The boy was speechless.

“Is that what you want?”

He nodded.

“More than anything?”

He nodded again.

“Good.”

Then she slapped his face as hard as she could and turned and ran all the way back up the path.

Ridley sat up on the mattress, feeling like she’d just remembered something important. It was only when she heard Link playing “Burger Boy” from the practice room that she realized where she was—and why.

The crowd was gone, and so was Floyd.

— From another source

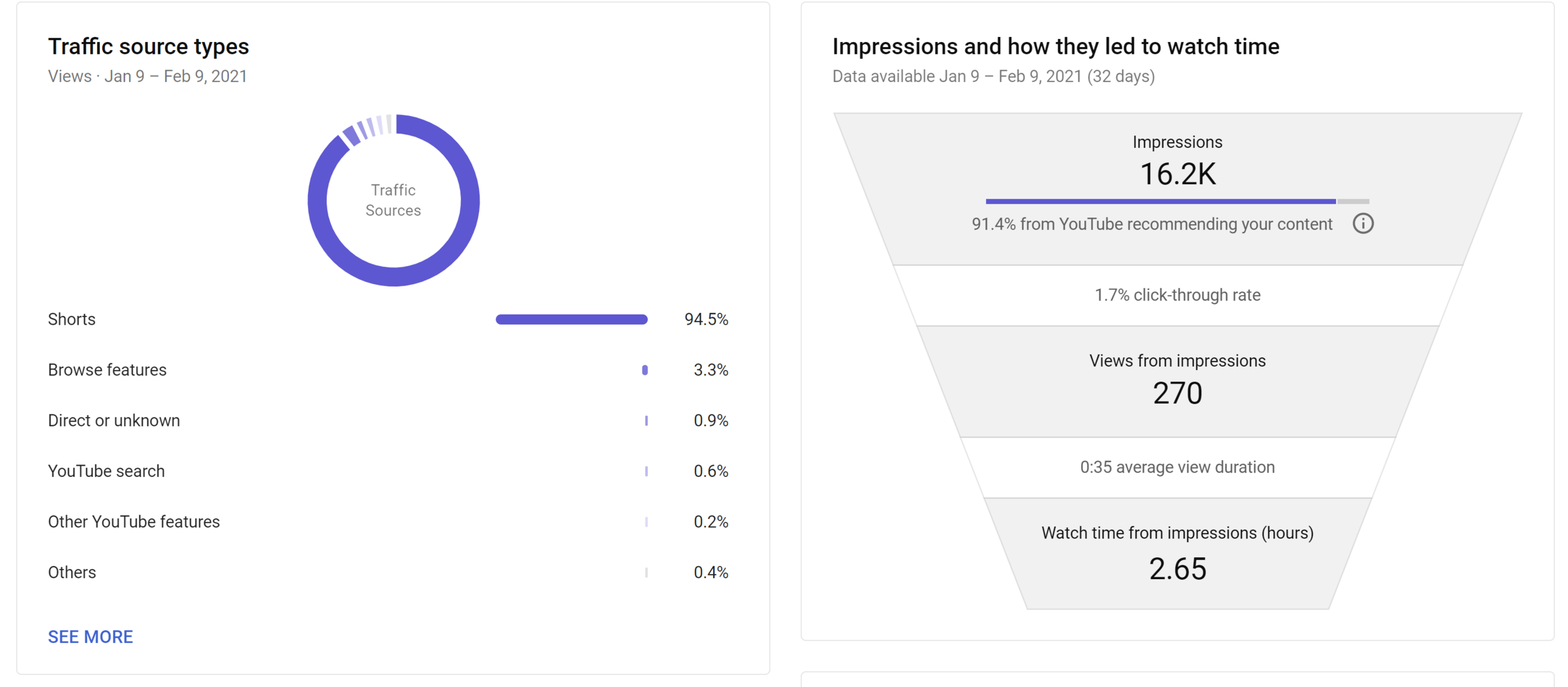 Let’s deep-dive into my YouTube Analytics to see what happened over the 30 days of posting shorts.
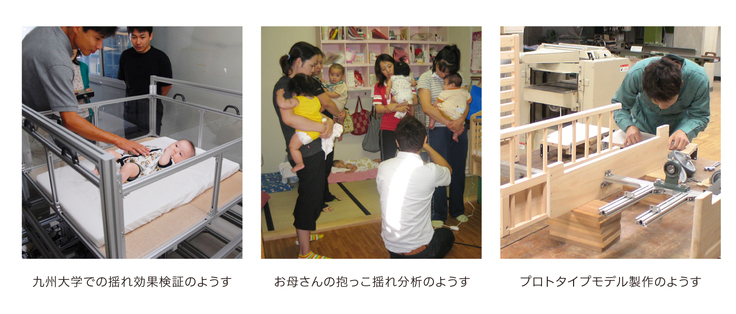 私は約18年間「育児支援のための揺動ベビーベッド」の研究に取り組んでいます。研究資金は私の努力で獲得(文部科学省の科学研究費補助金)できますが、製品開発~製造~販売・レンタルについては企業様の助けを借りなければなりません。

All Rid could hear was Link.

“Patty, oh, Patty, you’re not real Fatty / and you’re only kinda Bratty / my ham-burger Patty.”

Ridley lay back down on the mattress, staring at the cracks in the ceiling until the set ended and the sun was high. By either measure, it was one of the longest nights of her life.

She would get Link in this Caster band and then get him right out again. Devil’s Hangnail. Whatever. She wasn’t going to let him ruin his life for her or for anyone else. And she sure as hell wasn’t going to let her life be ruined by some stupid gambling debt.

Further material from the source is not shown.